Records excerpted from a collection
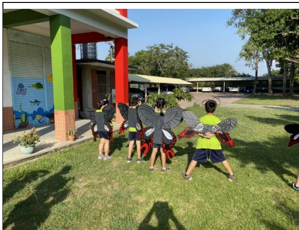
說明：學生們化身蝴蝶，成為校園綠化環境的一部份了~~
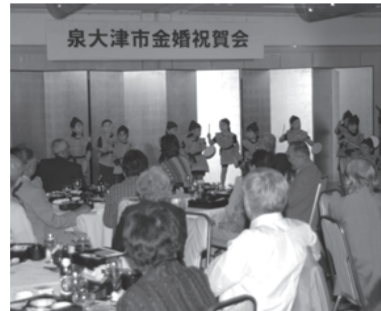
泉大津市金婚祝賀会
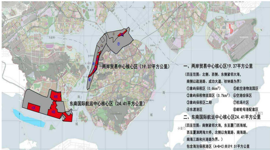
图1 自贸试验区区位示意图
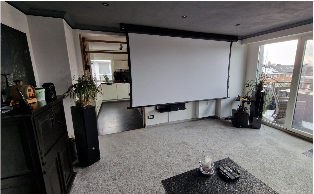
Heimkino mit autom. Leinwand
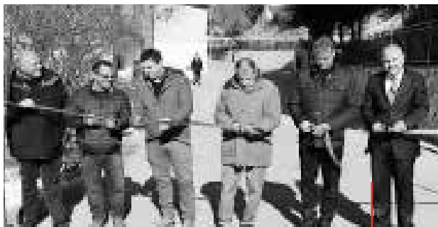
Inauguration solennelle de la promenade réaménagée en présence de Jean-Daniel Ruch, l'ambassadeur suisse.

a permis l'extension de l'ancienne promenade du village d'enfants. L'inauguration solennelle a eu lieu le 9 janvier 2017 avec les enfants, en présence de Jean-Daniel Ruch, l'ambassadeur suisse, et d'autres invités. La célébration s'est poursuivie par une visite du village d'enfants et s'est terminée autour d'un repas commun.
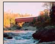
Pont couvert de la rivière Palmer (photo : Hélène Vachon).

Déjà mis en valeur grâce au comité des chutes de Sainte-Agathe-de-Lotbinière, le pont rouge de la rivière Palmer a été protégé en 2006, en vertu de la Loi sur les biens culturels. En effet, la municipalité a procédé à la citation municipale de ce magnifique pont couvert, d'une longueur de 39,9 mètres, construit en 1928. À l'époque, on construisait les ponts en bois et on les recouvrait afin de prolonger leur durée de vie.
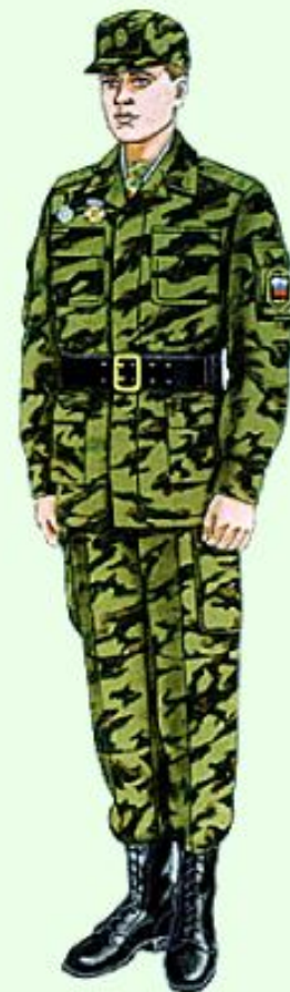
Повседневная для строя и вне строя
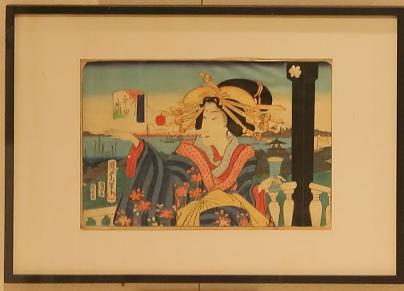
107 深川 中祀 中川（木版画） Courtesan holding a glass(woodcut) ビードログラスを持った花魁を描いています。ガラス器が重宝がられた様子が うかがわれ、画面から異国情緒を感じとることができます。
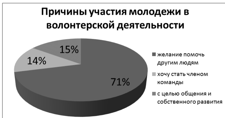
Рисунок 1. Причины участия молодежи в волонтерском движении

Молодежь служит основой волонтерского движения во всем мире. Мотивы молодых людей, вступивших в ряды волонтеров, различны, как показывают результаты исследования, наглядно представленные на рисунке 1.
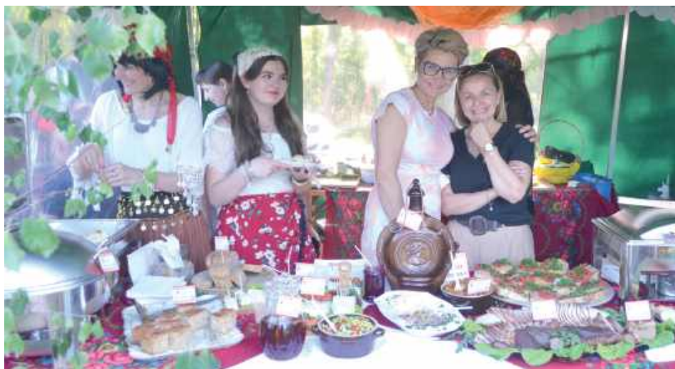
Motywem kolejnej edycji Turnieju Wsi był wątek cygański

PROBLEM REQUIREMENTS: Starting at the line where "Молодежь служит основой" appears, restate every line through the end of the records above exactly, but omit the pictures.

ANSWER TO THE PROBLEM:
Молодежь служит основой волонтерского движения во всем мире. Мотивы молодых людей, вступивших в ряды волонтеров, различны, как показывают результаты исследования, наглядно представленные на рисунке 1.
Motywem kolejnej edycji Turnieju Wsi był wątek cygański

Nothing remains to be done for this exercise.